Fun-loving college student Anna Rijnders (Hanna Hoekstra) has a lot on her plate trying to pass a tough psychology class while helping her brother Stijn (Alex Hendrickx) recover from a crippling bike accident. After a run-in with her ex-boyfriend Tim (Robert de Hoog) at a party, Anna wakes up the next morning to find a mysterious Alexa-like app on her phone called IRIS. At first IRIS proves an invaluable aid in class but then inexplicably turns on Anna. First it uploads a sex tape featuring Anna's best friend Sophie (Isis Cabolet) that wrecks their relationship. Then it uploads a nude video of Anna onto every device at her local electronics store. It not only proves impossible for Anna to delete IRIS from her phone but the insidious app spreads to other users. As freak accidents start to befall those closest to Anna, she resorts to desperate measures to stop whoever it is that is messing with life.

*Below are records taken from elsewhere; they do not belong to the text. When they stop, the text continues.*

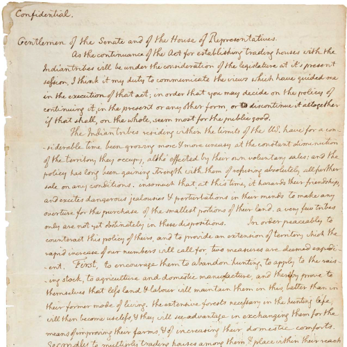 A transcription of Jefferson's secret request to the United States Congress for funds for the Expedition.
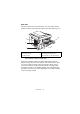 7. Notice that the memory board has a small cutout in the edge connector, which is closer to one end than the other. 8. Identify the RAM expansion slot (1) in the printer. 2 1 2 9. If the RAM expansion slot already contains a memory upgrade board, that board will have to be removed before you can install the new one. To remove it, proceed as follows, otherwise skip to step 10. (a) Identify the locking clips (2) at each end of the RAM expansion slot (1).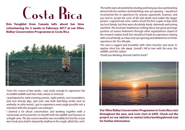 Erin Yungblut from Canada tells about her time volunteering for 2 weeks in February 2017 at our Olive Ridley Conservation Programme in Costa Rica
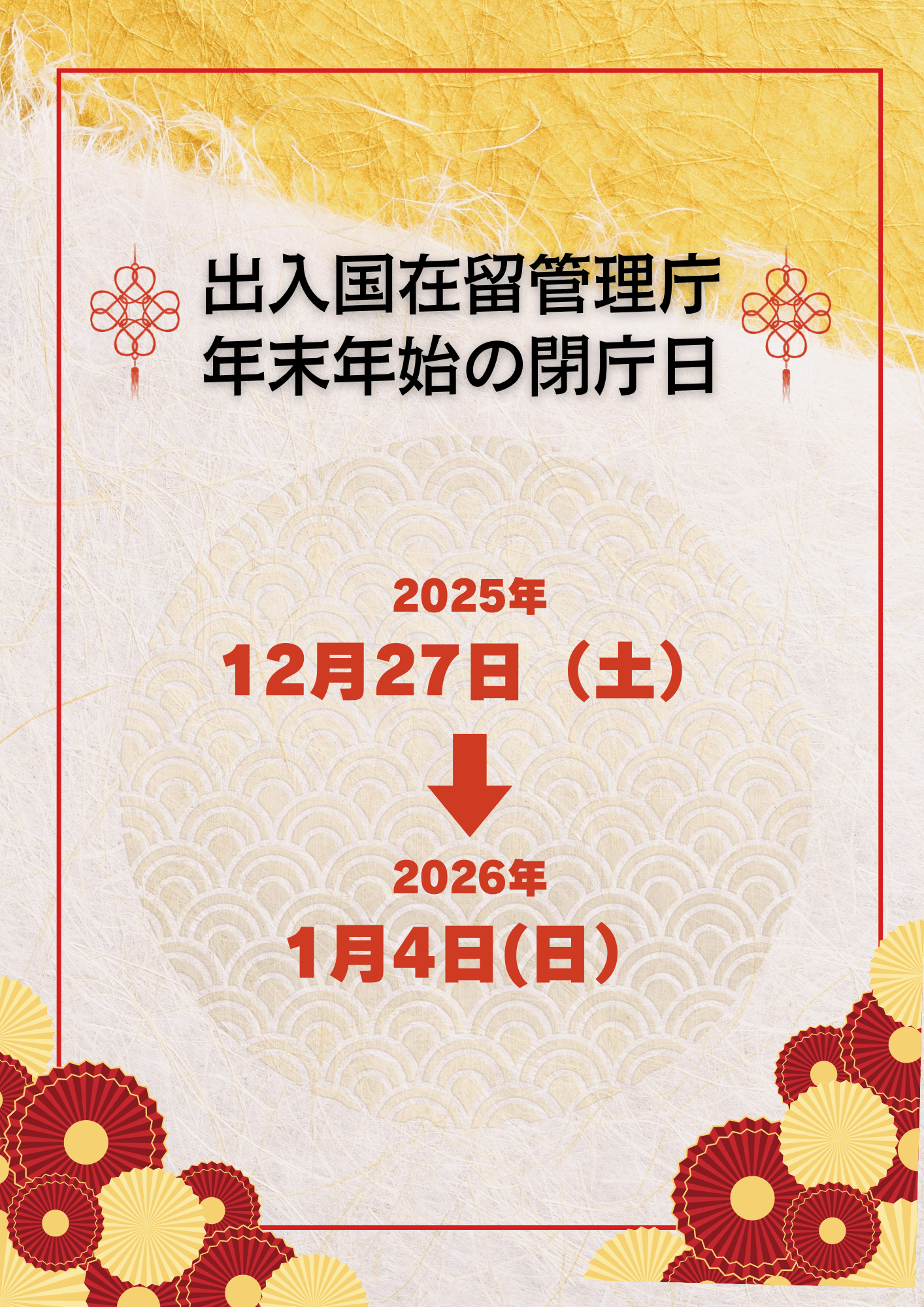 出入国在留管理庁は、12月27日(土)から1月4日(日)まで年末年始の閉庁期間となり、在留手続き窓口業務は行われませんのでご注意ください。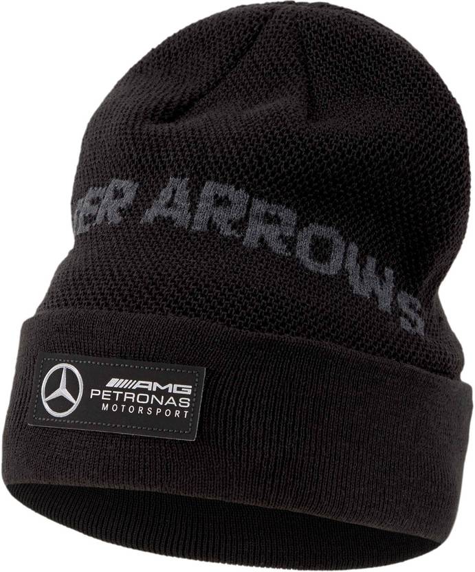 PRODUCT STORY: Undeniably urban but with sleek motorsport flair, this street-ready Mercedes-AMG Petronas Motorsport beanie is both casual and cool. DETAILS: Innovative mesh beanie made with sophisticated yarn for temperature control Silver Arrows graphic at front Reflective Mercedes AMG Petronas Motorsport Logo at cuff CAT LOGO embroidered at back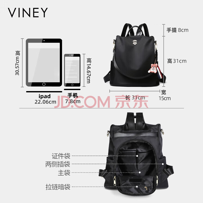 商品相册:viney双肩包女休闲大容量轻便帆布包旅行背包高颜值书包生日礼物送女友第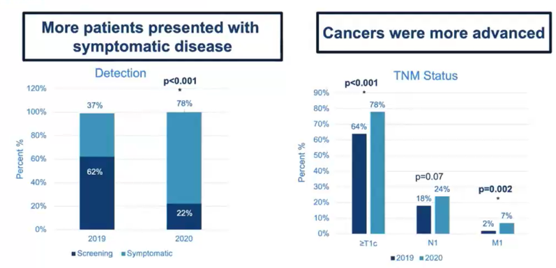 研究者对2020年3月17日(开始实施SiP)至2020年5月18日(恢复择期手术)期间新诊断的279例患者进行了回顾性研究,并与2019年3月17日至2019年5月18日之间确诊790例患者在年龄、组织学、解剖分期特征、分级、受体状况和初始治疗进行了比较。对于接受手术的患者,比较了从活检到手术(TTS)的时间和手术类型。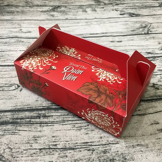 Mẫu hộp bánh SNAM-PB 010045 đem trên mình những chi tiết như hình ảnh những bông cúc vạn thọ cách điệu, vẻ đẹp uyển chuyển của những chú cá chép được in tí mỉ, chi tiết từng đường nét. Họa tiết trang trí của mẫu hộp bánh thực sự thu hút, mang đậm tính nghệ thuật. Hình ảnh biểu tượng kết hợp với mẫu chữ “Đoàn Viên” nhằm truyền tải thông điệp quan trọng, khiến bất cứ ai nhìn thấy cũng muốn mau chóng trở về nhà, đoàn tụ cùng gia đình trong dịp lễ Trung thu.

Given the omnipresence of smartphone technology in our everyday lives it is little wonder paranoid techno-thrillers proliferate the big screen. Back in the Sixties Theodore J. Bikel's masterful satire The President's Analyst (1967) posited a scenario wherein the phone company manipulated the Cold War and society at large to its own advantage. The more recent wave of phone-based horror films have gone a step further, replacing sinister conglomerates with even more dehumanized and malevolent techno threats. Notably teen-aimed J-horror fare such as Kiyoshi Kurosawa's Pulse (2001) and Takashi Miike's One Missed Call (2003), both of which were poorly remade for the Anglo-American market, and the Stephen King adaptation Cell (2016). App, a slight but slickly entertaining Dutch production, first played theatres in Holland with a gimmick worthy of legendary schlockmeister William Castle. Viewers could download an app that would interact with the film in real time. The app supposedly delivered additional information expanding the story and characters while also providing alternate camera angles for key scenes. Of course cynics may wonder why not simply include those in the film itself. Not to mention that most dedicated film fans abhor people playing with their phones during a movie.
Misguided gimmicks aside App at least has the good sense to craft engaging, likable characters before plunging them into an absurd techno-paranoid plot. Gifted Dutch actress Hanna Hoekstre elevates the material with her intense performance. Sort of a lightweight teen-friendly variant of Lisbeth Salander, the iconoclastic young protagonist at the centre of The Girl with the Dragon Tattoo (2009) and its sequels/remakes, Anna is a pleasingly strong heroine who grows increasingly bad-ass as events escalate. To his credit screenwriter Robert Arthur Jansen taps into some very real teenage fears regarding the abuse of social media and having one's most private secrets exposed to the world. Unfortunately App is either overly reliant on its plot-clarifying gimmick or else simply fails to give its paranoid ideas room to breathe. The plot too often skirts absurdity whenever IRIS (portrayed as a freaky CGI floating head) pulls silly faces. It is also riddled with holes. Why aren't the police more suspicious of Anna given she is present at so many freak accidents?
Actor-turned-director Bobby Boermans is no Michael Bay and keeps the pace brisk with his stylish direction. He pulls off a few scenes that are creepy in concept yet undone by absurdly contrived murder set-pieces reminiscent of the over-praised Final Destination (2000). Hoekstre's grounded, emotive lead turn keeps the movie compelling even as the plot grows increasingly far-fetched. Alas, the film bows out refusing to tidy up several glaring loose ends with an ambiguous finale that just smacks of lazy writing.